Chaohu University (Chinese: 巢湖学院), in Chaohu, Anhui Province of China, is an institution of higher learning under jurisdiction of Anhui Province.

The university was founded in 1977 as Chaohu Specialized Normal School. Upon the approval of the Ministry of Education in April 2002, it was elevated and renamed Chaohu University, affiliated to the Education Bureau of Anhui Province.

Chaohu University has a land area of 650,000 sq meters, among which the constructed area covers 250,000 sq meters. The university publishes the Newspaper of Chaohu University.

The school is located in the scenic national tourist resort - hefei chaohu half soup hot spring health resort, one of the most famous towns of hot spring water in China. We have a very preferable environment of educating and studying with beautiful lake view and Tangshan Mountain back to the campus, which will provide you with the very pleasing scenery.

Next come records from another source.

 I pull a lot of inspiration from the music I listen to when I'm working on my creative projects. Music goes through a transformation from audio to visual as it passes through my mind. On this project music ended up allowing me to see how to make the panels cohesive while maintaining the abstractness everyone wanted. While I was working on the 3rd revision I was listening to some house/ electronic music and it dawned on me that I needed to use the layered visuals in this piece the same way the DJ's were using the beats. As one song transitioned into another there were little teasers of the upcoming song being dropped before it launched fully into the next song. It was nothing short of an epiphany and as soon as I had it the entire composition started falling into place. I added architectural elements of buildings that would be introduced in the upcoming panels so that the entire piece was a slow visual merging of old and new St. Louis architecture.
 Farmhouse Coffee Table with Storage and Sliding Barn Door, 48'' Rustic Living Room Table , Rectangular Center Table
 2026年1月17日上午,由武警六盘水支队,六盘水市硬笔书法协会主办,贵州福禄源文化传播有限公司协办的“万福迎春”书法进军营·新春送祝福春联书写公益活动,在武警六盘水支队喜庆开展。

There are 13 secondary colleges with 53 undergraduate majors, belonging to the 9 disciplines of economics, law, teaching, liberal arts, history, science, engineering, management and art. There are 1 national-level characteristic specialty construction point, 8 provincial-level characteristic specialty construction point, 6 provincial-level comprehensive specialty reform pilot projects, 6 provincial-level demonstration experiment practice training centers, and 4 provincial-level outstanding talent education and training programs.

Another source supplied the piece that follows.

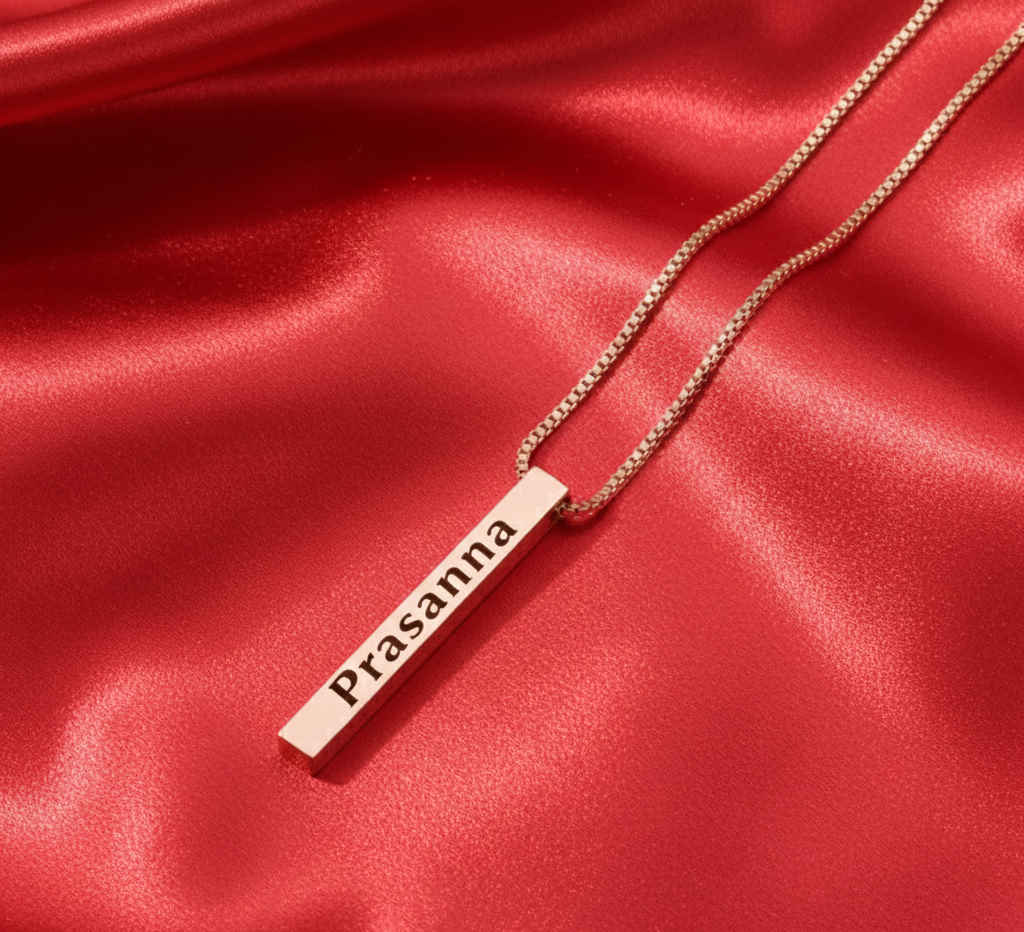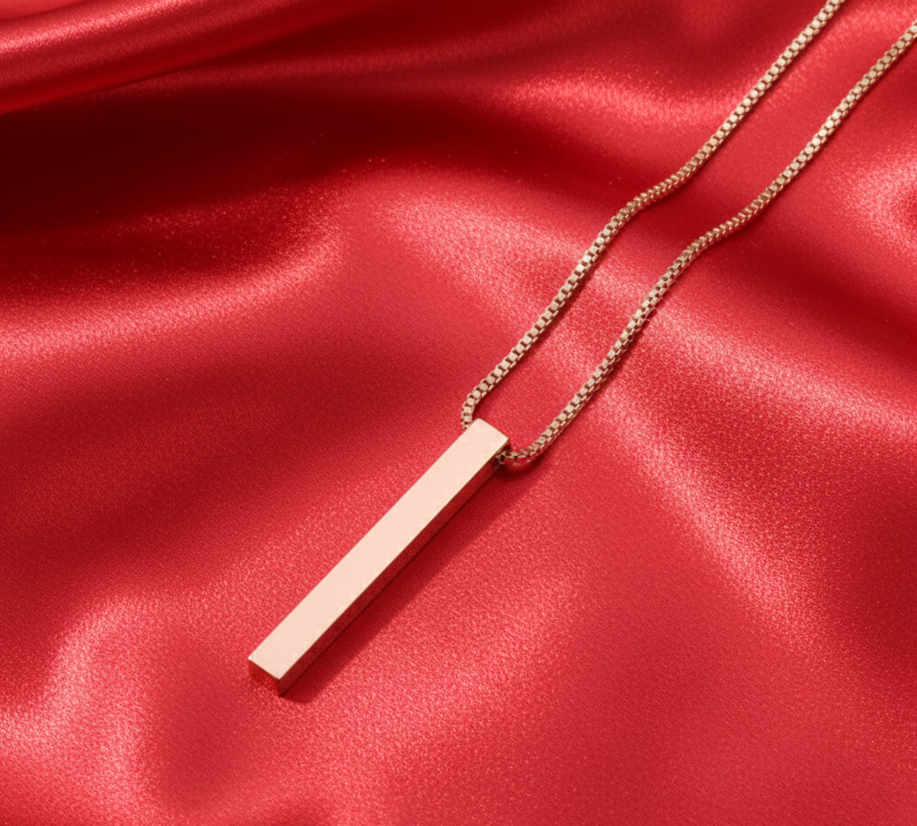 This exquisite necklace features a stunning rose gold rectangular bar pendant that makes a sophisticated statement. The beautiful, warm color of the rose gold offers a modern and romantic look, contrasting perfectly against the vibrant red background. The bar’s clean, smooth surfaces are specially designed for personalization, allowing you to add meaningful details like a name (as shown in the image), initials, a significant date, or a heartfelt word. This strong, stylish accessory is suspended from a matching, classic chain. By adding your own custom engraving, you transform this chic pendant into a cherished, one-of-a-kind keepsake, perfect for celebrating love or marking a special memory.

The total number of full-time students is 16,617.

Adhere to the open school, with anhui province application-oriented undergraduate universities "xingzhi alliance" as the support, constantly deepen inter-school cooperation, achieve credit mutual recognition and resource sharing. Actively promote international exchanges and cooperation, establish cooperative relations with 15 universities in South Korea, the United States, Ireland and other countries as well as Taiwan, carry out 2+2 cooperative project of visual communication design undergraduate education with hanseo university of South Korea, and 3+1 cooperative project of Hospitality Management undergraduate education with athlone institute of technology (AIT) of Ireland.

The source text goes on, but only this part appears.